Adversarial Reprogramming of Neural Networks

cs702 · on July 3, 2018

A trained deep neural net can be viewed as -- indeed, it is -- a program that accepts some input data and produces some output.

The idea here, at a very high level, is to use other neural nets that (a) accept different input data and learn to 'adversarially embed it' into the input data accepted by the first neural net, and (b) extract from the output of the first neural net the actual output desired by the attacker... without ever touching the first neural net.

The authors demonstrate adversarial neural nets that target a deep convnet trained to classify ImageNet data. They are able alter this convnet's function from ImageNet classification to counting squares in an image, classifying MNIST digits, and classifying CIFAR-10 images... without ever touching the convnet.

Great work.

Erlich_Bachman · on July 3, 2018

What are some of the deep/philosophical reasons for why it is so easy to construct an adversarial example for a contemporary vanilla deep CNN network? Why do individual pixels get so much power about what the network decides to classify its output as?

During training, each input sample is basically driving each weight to be adjusted to classify itself correctly, while also classifying other inputs correctly. The way the network should thus see its world, is that it can only be one of those samples. That the world cannot be anything else. Thus, it should be the easiest way, computationally-wise, for the network to learn the things that differ the most between the classes. In an adversarial example, those couple of different pixels cannot possibly be what is even mathematically much more different for that class, compared to other classes.

How does this happen? It it is easy to understand why it would be easy to fool a network that looks for a leopard couch by an image of a real leopard, because leopard colors and texture is what the network actually was looking for during training. The patterns of the fooling picture were in the input. Given that such a network is only a gross simplification of a real brain, it is easy to see that it can be fooled. But just some pixels? The network was not looking for those pixels during training. It was not optimized to look for them. Why would it ever treat them as having that much information? Does it optimize for random things more highly than for the actual classification result that affects its weights. Does it have so many pixels that it asserts random importantness to them, so that out of millions, there is always 1 or 2 that happen to decide so much about the overall result?

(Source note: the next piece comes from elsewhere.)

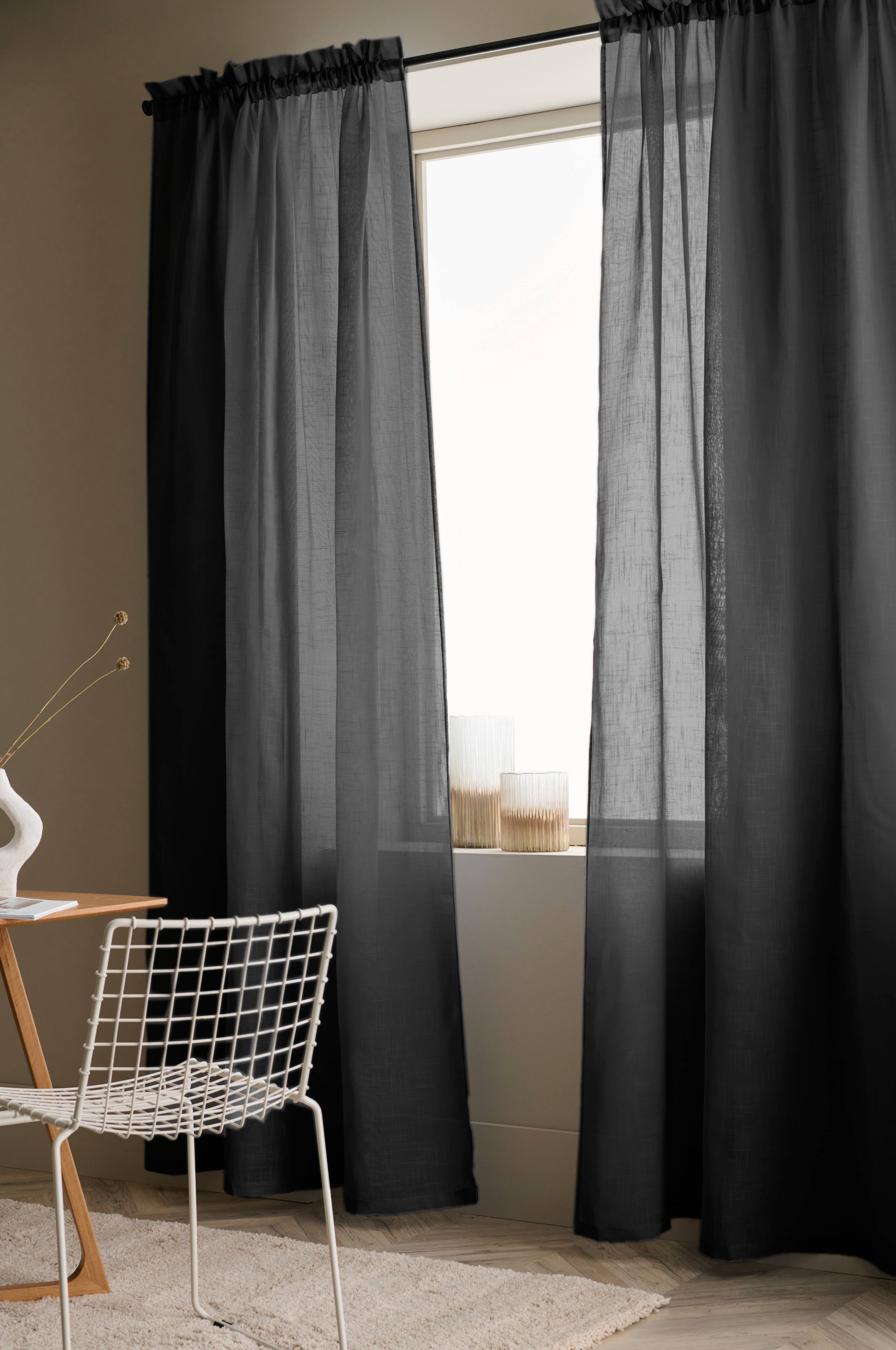 To gardinlængder med løbegang af luftig polyester med struktur i hørlook. 5 cm rynkekant. Bredde 134 cm. To længder: 220 og 250 cm.

Is it because the network looks for the combination of certain parameters, and treats the exactness of a combination as the most important factor, more important than its global context? So that the combination of the adversarially-modified pixels look like having the most exact ratios between each other, even though their ratios compared to the rest of the pixels is not on par at all - and the network decides that the most exact combination has the most information? Then, why isn't this easily combated by regularization and stuff like dropout?

nerdponx · on July 3, 2018

leopard colors and texture is what the network actually was looking for during training

Eh. The network is finding regular patterns. It doesn't know the difference between actual leopard parts and arbitrary noise in the image. The only reason we believe it's learning something about leopards is that we have fed the network lots of different kinds of leopards in lots of different contexts and positions.

But there are still some soft invariants that apply to images of leopards. These networks are complicated dynamical systems. Adding visual noise that is dissimilar to any kind of visual noise found naturally in leopard photos amounts to an input outside the normal operating range of the system. The effect of something like that, in general, is unpredictable. The fact that these examples exist shouldn't be that surprising. The fact that the output is quantized to one prediction or another only exacerbates the issue.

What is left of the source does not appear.